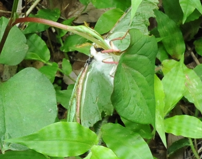 擬態っていうんでしょうか、ぱっと見は葉っぱです。たまたま足が不自然な枝に見えたので気づきました。
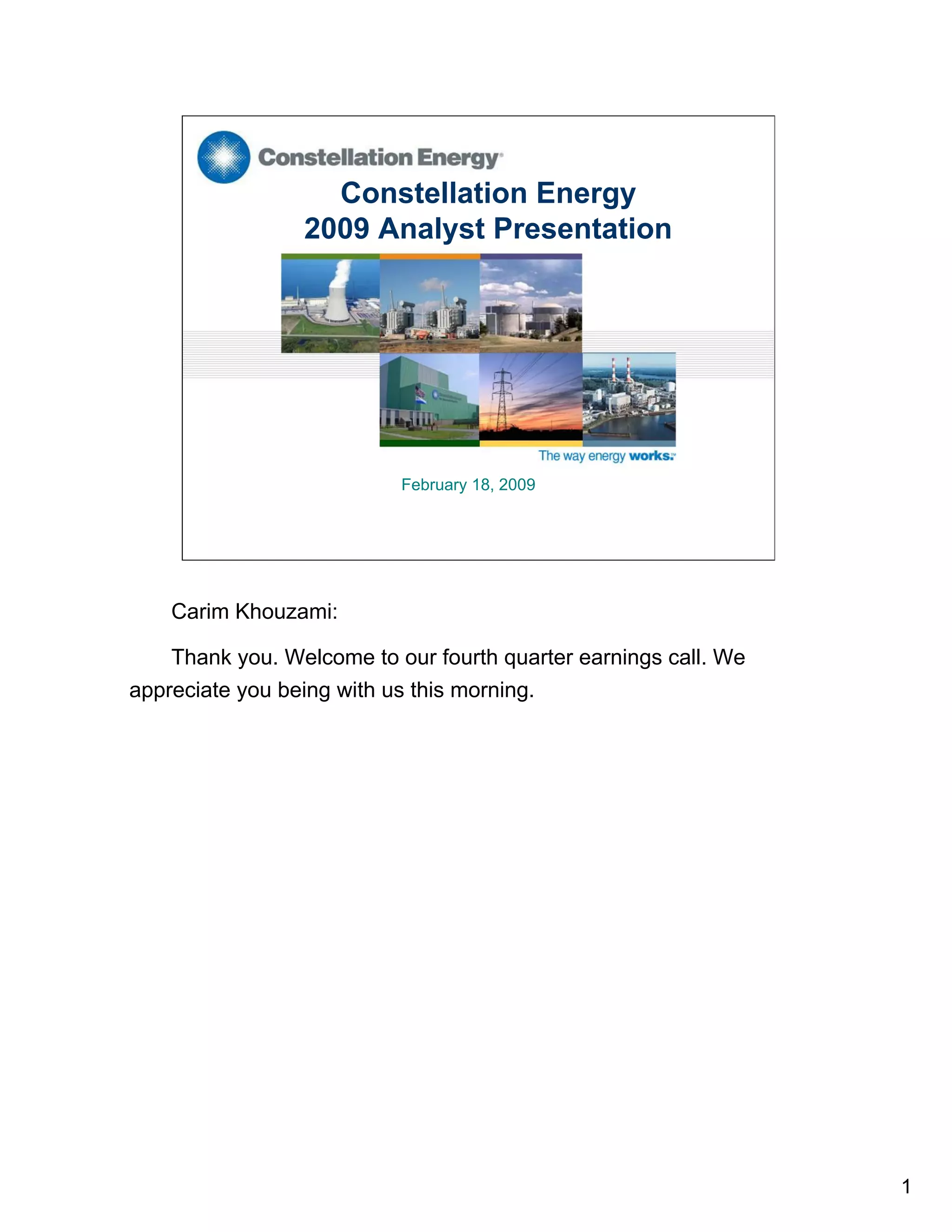 constellation energy 2008 Fourth Quarter Supporting Materials
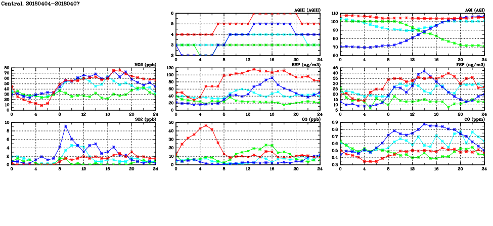 | Air Quality Data Time Series in Central (2018/04/07) | ( Line colors: Day -3 Day -2 Day -1 Current day ) | 2D Map Current AQHI |
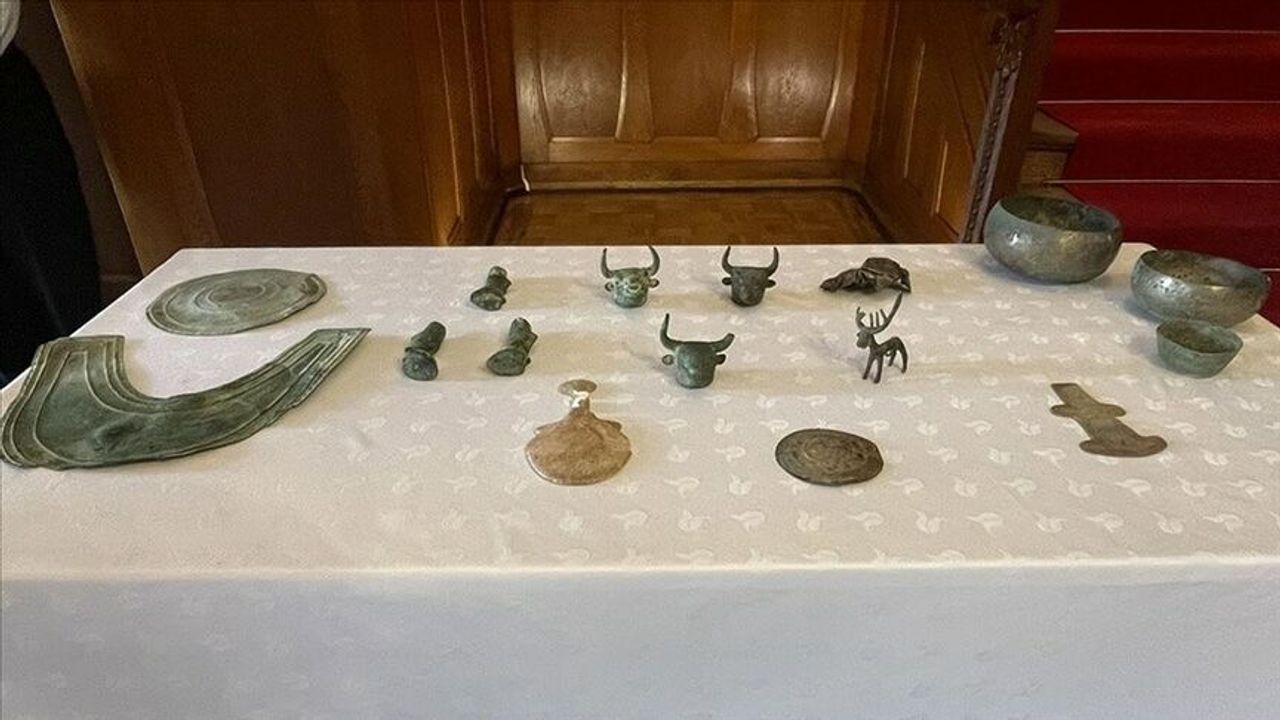İsviçre'den Türkiye'ye iade edilen 37 parçalık kültür varlığı, Urartu dönemine ait bronz kaplar, at koşum takımı parçaları, kusura tipi idol ile Roma Dönemi'ne ait geyik figürü ve gümüş vazoyu içeriyor.
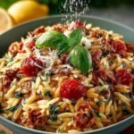 • Orzo Pasta This tiny rice-shaped pasta cooks quickly and absorbs flavors beautifully, giving the dish its satisfying base. Look for whole grain orzo for added nutrition.
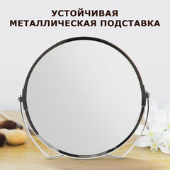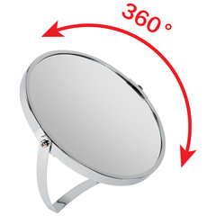 Тип размещения: настольное, Форма: круглая, Высота: 17 см, Ширина: 17 см, Двухстороннее: да, С увеличительным эффектом: да, Тип регулировки положения: нет, Вращающееся: да, Объем аккумулятора: без подсветки, Материал оправы: хромированная сталь, Цвет оправы*: серебристый, Цвет оправы: серебристый.
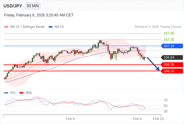 交易策略: 在 157.10 之下,看跌,目标价位为 156.35 ,然后为 156.10 。
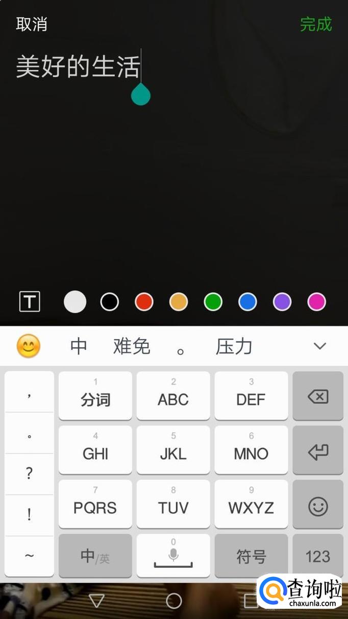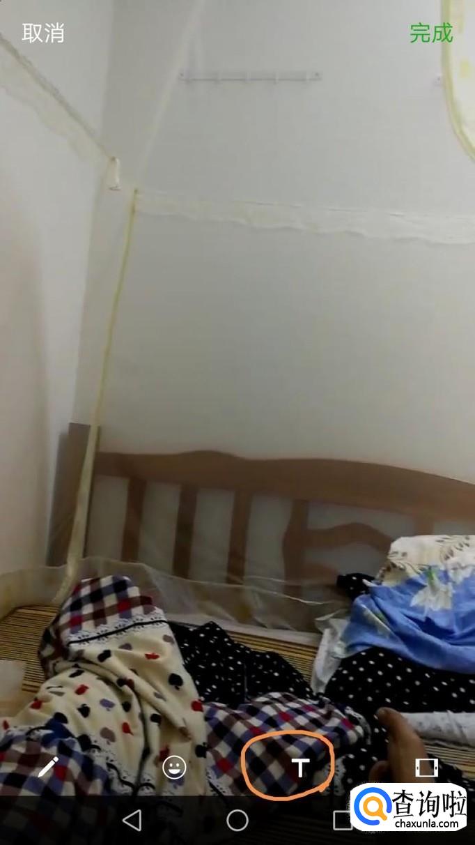输入文字后点击右上方的“完成”,视频的文字就添加好了,接着就可以发送到朋友圈啦!
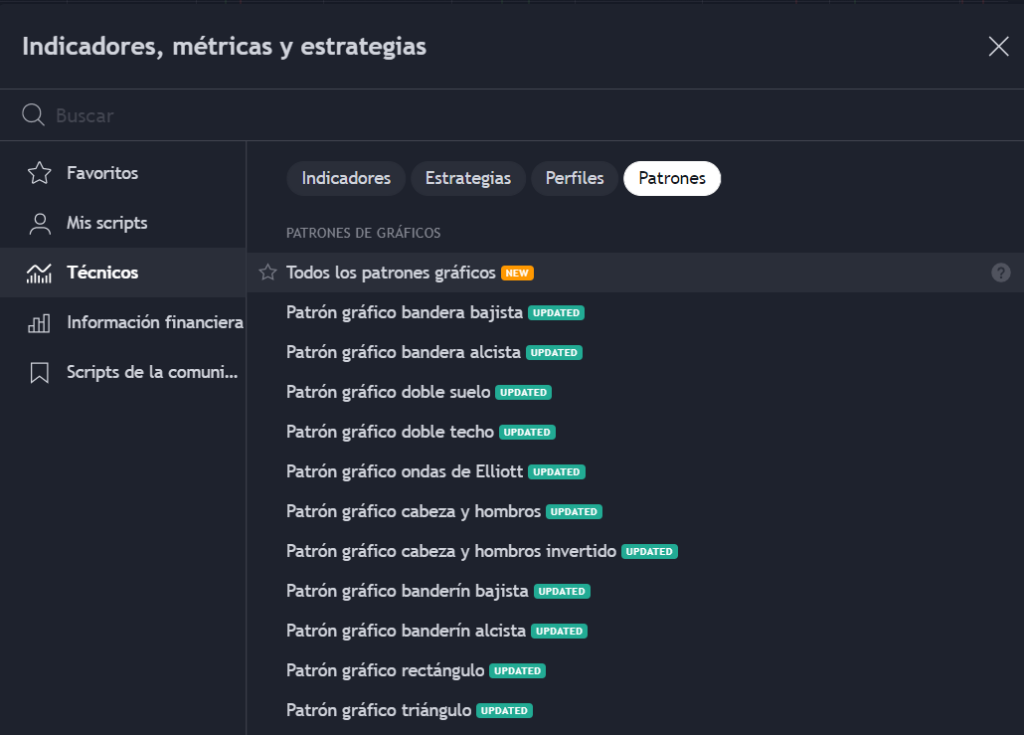 En total, y por ahora, son 16 los patrones gráficos detectados por Tradingview. En la imagen a continuación se observa una fracción de la extensa lista de ellos.

----------------------------------------

**Exercise directions**
Find the line containing "constellation energy 2008", then extract it and every line after it to the end of the data above, exactly and nothing else, without pictures.

**Solved problem**
 constellation energy 2008 Fourth Quarter Supporting Materials
 | Air Quality Data Time Series in Central (2018/04/07) | ( Line colors: Day -3 Day -2 Day -1 Current day ) | 2D Map Current AQHI |
İsviçre'den Türkiye'ye iade edilen 37 parçalık kültür varlığı, Urartu dönemine ait bronz kaplar, at koşum takımı parçaları, kusura tipi idol ile Roma Dönemi'ne ait geyik figürü ve gümüş vazoyu içeriyor.
 • Orzo Pasta This tiny rice-shaped pasta cooks quickly and absorbs flavors beautifully, giving the dish its satisfying base. Look for whole grain orzo for added nutrition.
 Тип размещения: настольное, Форма: круглая, Высота: 17 см, Ширина: 17 см, Двухстороннее: да, С увеличительным эффектом: да, Тип регулировки положения: нет, Вращающееся: да, Объем аккумулятора: без подсветки, Материал оправы: хромированная сталь, Цвет оправы*: серебристый, Цвет оправы: серебристый.
 交易策略: 在 157.10 之下,看跌,目标价位为 156.35 ,然后为 156.10 。
输入文字后点击右上方的“完成”,视频的文字就添加好了,接着就可以发送到朋友圈啦!
 En total, y por ahora, son 16 los patrones gráficos detectados por Tradingview. En la imagen a continuación se observa una fracción de la extensa lista de ellos.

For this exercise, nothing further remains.